Der Journalist Jake Denbigh ist ebenfalls an den Hintergründen von Helens Tod interessiert. Eine alte Dame, die er für sein Buch zur Geschichte Weißrusslands interviewt hat, bittet ihn, seine Kontakte bei der Polizei zu nutzen, da sie sich Sorgen um den Verhafteten Nick Garrick macht, den sie unter ihre Fittiche genommen hat. Jake Denbigh hat auch den Großvater von Faith, Marek Lange, interviewt, der nach dem Zweiten Weltkrieg aus Weißrussland nach England geflüchtet ist. Dieser schwieg jedoch bei den Nachfragen nach dieser Zeit beharrlich. Jake gräbt immer tiefer in der Vergangenheit und nutzt seine Reise nach Minsk, auch Marek Langes Geschichte genauer unter die Lupe zu nehmen.
Carla Banks = Danuta Reah
Carla Banks ist übrigens das Pseudonym von Danuta Reah, die bereits einige Krimis veröffentlicht hat. Auf der Homepage von Carla Banks ist nur ein kleiner versteckter Link zu ihrem "echten" Autorenportrait. Als Begründung, warum "Der Wald der toten Seelen" unter einem Pseudonym veröffentlicht wurde, wird angegeben, dass dieses Buch sich sehr von den anderen Büchern der Autorin unterscheiden würde. Dieser Aussage kann ich nicht zustimmen, denn obwohl mir diese Tatsache unbekannt war, empfand ich sofort eine Ähnlichkeit mit dem ersten Krimi von Danuta Reah "Letzter Halt".
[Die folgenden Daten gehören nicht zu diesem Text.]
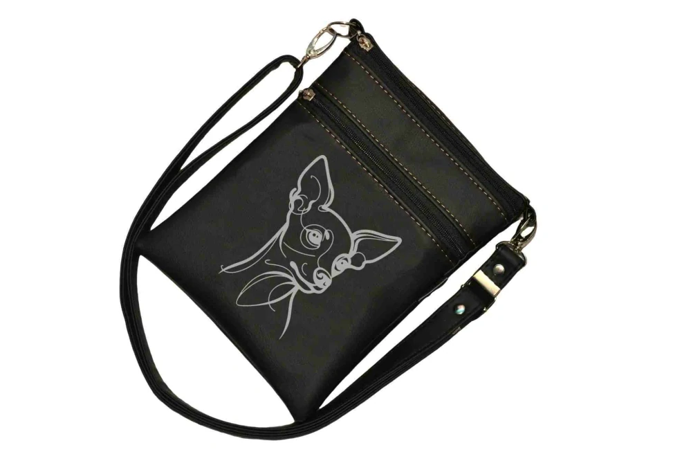 Kabelka je ušitá z koženky, přední díl je z kočárkoviny s mým natištěným obrázkem a pro pevnější tvar je vyztužená. Kabelka má několik zipových kapes - dvě na přední straně, jednu na zadní.
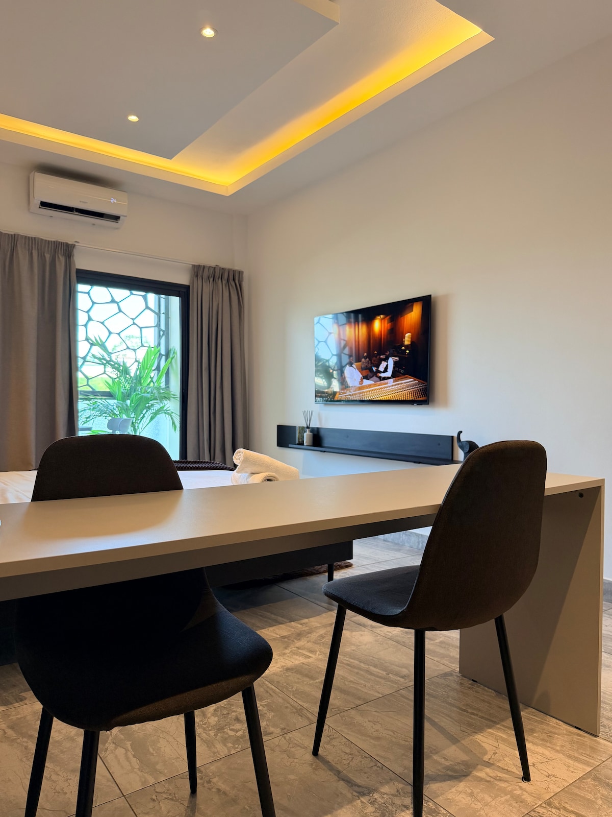 Séjournez en plein cœur d'Abidjan dans ce sublime appartement neuf, paisible, chaleureux, décoré avec goût dans des tons naturels et une ambiance moderne propice à la détente. Cet appartement spacieux et entièrement privatisé est situé au 2ème étage d’une résidence calme et sécurisée, parfait pour un séjour professionnel ou des vacances reposantes. Le logement est situé à 25 minutes du Plateau, 35 minutes de l’aéroport et à 10 minutes d’Abidjan Mall. A proximité de nombreuses commodités.

"Der Wald der toten Seelen" entspricht nicht gerade dem Klischee eines waschechten Krimis, bis auf die Tatsache, dass ein Mord gleich am Anfang der Geschichte steht. Der Fortgang der Story wird eher geprägt durch geschichtliche Recherche sowie den Versuch, dunkle Geheimnisse einiger Mitwirkender zu lüften. Weder Faith Lange noch Jake Denbigh agieren als Amateurdetektive und der Mord an Helen Kovacs scheint fast nur Beiwerk zu sein. Dennoch gelingt es Carla Banks, eine eigentümliche Spannung aufzubauen, derer man sich nur schlecht entziehen kann. Sie gestaltet den Ablauf recht abwechslungsreich, indem sie den Leser aus verschiedenen Perspektiven teilhaben lässt: Mal wird die Geschichte aus Sicht von Faith Lange erzählt, mal aus Sicht von Jake Denbigh. Dazwischen gibt es auch einige Kapitel, welche die Vergangenheit Marek Langes näher beleuchten.
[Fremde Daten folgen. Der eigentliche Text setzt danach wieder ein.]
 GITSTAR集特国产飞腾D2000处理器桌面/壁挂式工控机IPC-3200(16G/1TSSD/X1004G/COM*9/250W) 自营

Gute Recherche gepaart mit interessantem Aufhänger
Interessant ist vor allem, wie Carla Banks dieses Buch aufgebaut hat. Man spürt, dass sie sehr genau recherchiert hat, um das Grundgerüst ihrer Handlung zu erschaffen. Obwohl sie mit den geschichtlichen Details zu keiner Zeit langweilt, überflutet sie den Leser teilweise doch mit Informationen, die sie aus spannungstechnischen Gründen an einigen Punkten auch nur häppchenweise serviert, was wiederum das Ganze recht kompliziert macht. Nachdem alle Geheimnisse gelüftet wurden, blieb ich dann also etwas verwirrt zurück, da mir erstens die Zeit zum Verarbeiten fehlte und zweitens auch der geschichtliche Hintergrund, um alle Puzzlestücke zu einem Gesamtbild zusammenzusetzen. Insofern beschäftigt einen das Buch auch noch nach der Lektüre, was bei vielen Büchern der Marke Alzheimer - gerade gelesen und schon wieder vergessen - nicht gegeben ist.
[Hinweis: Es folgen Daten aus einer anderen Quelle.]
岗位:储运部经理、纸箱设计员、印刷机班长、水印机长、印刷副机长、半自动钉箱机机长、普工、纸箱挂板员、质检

Sprachlich und vom relativ unspektakulären Handlungsablauf her gesehen ist "Der Wald der toten Seelen" ein wirklich durchschnittlicher Krimi, der mit düsterer Symbolik russischer Märchen und geheimnisvollen Andeutungen über Partisanentätigkeit, Kollaboration und Kriegsverbrechen aufgepeppt wurde, aber der Aufhänger, nämlich die Aufarbeitung eines relativ unbekannten Teils der weißrussischen Geschichte, macht das Buch interessanter und vielschichtiger als gedacht.